Chris Angelico writes:
Start by building up an actual list in RAM of [unicodedata.name(chr(i)) for i in range(sys.maxunicode+1)] and then do regular string operations. I'm fairly sure most Python programmers can figure out how to search a list of strings according to whatever rules they like - maybe using contains/startswith/endswith, or maybe regexps, or whatever.
OK. Times are quite imprecise, but after importing re, sys, unicodedata
names = [unicodedata.name(chr(i)) for i in range(sys.maxunicode+1)] Traceback (most recent call last): File "<stdin>", line 1, in <module> File "<stdin>", line 1, in <listcomp> ValueError: no such name
oops, although you didn't actually claim that would work. :-) (BTW, chr(0) has no name. At least it was instantaneous. :-) Then
for i in range(sys.maxunicode+1): ... try: ... names.append(unicodedata.name(chr(i))) ... except ValueError: ... pass ...
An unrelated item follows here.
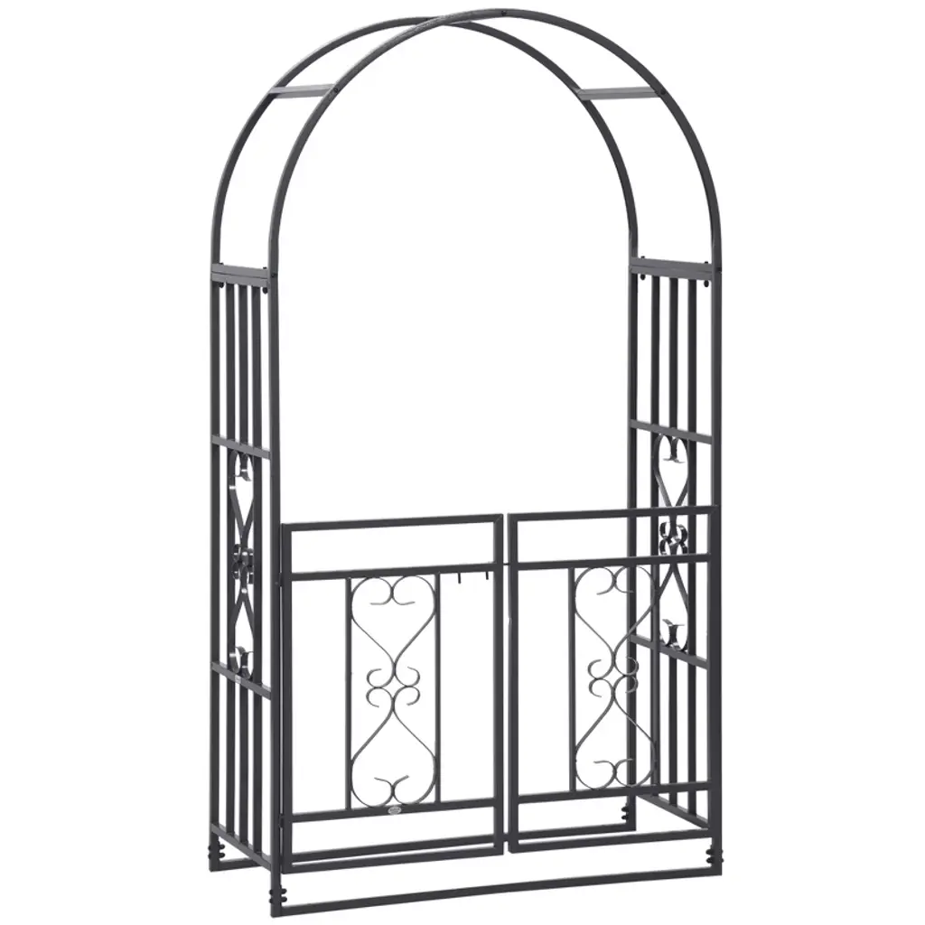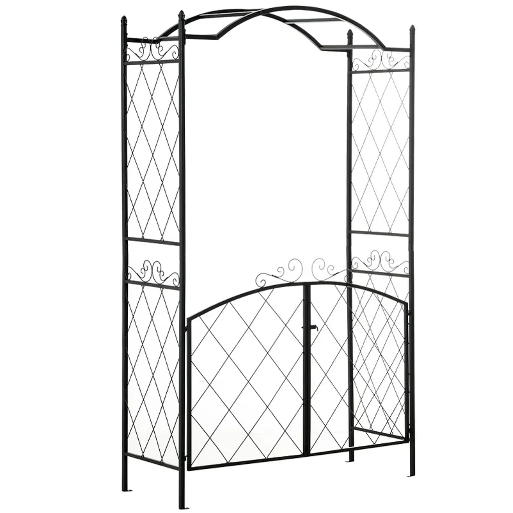 Measuring 49.25" L x 15" W x 89.25" H with a 48.5" W x 88.5" H entrance and 23.5" W x 33.75" H door panels, this arbor provides ample space. Assembly is required for setup. Resenkos Garden Arch Plant Support Trellis,89.25" Metal Garden Arch with Gate, Garden Arbor Trellis, Black

takes between 1 and 2 seconds, while
names.index("PILE OF POO") 61721 "PILE OF POO" in names True
is instantaneous. Note: 61721 is *much* smaller than 0x1F4A9. And now
pops = [name for name in names if re.match("^P\\S* O.* P", name)] pops ['PILE OF POO']
takes just noticable time (250ms, maybe?) This on a 4-year-old 2.7GHz i7 MacBook Pro running "Mavericks". Plenty good for my use cases.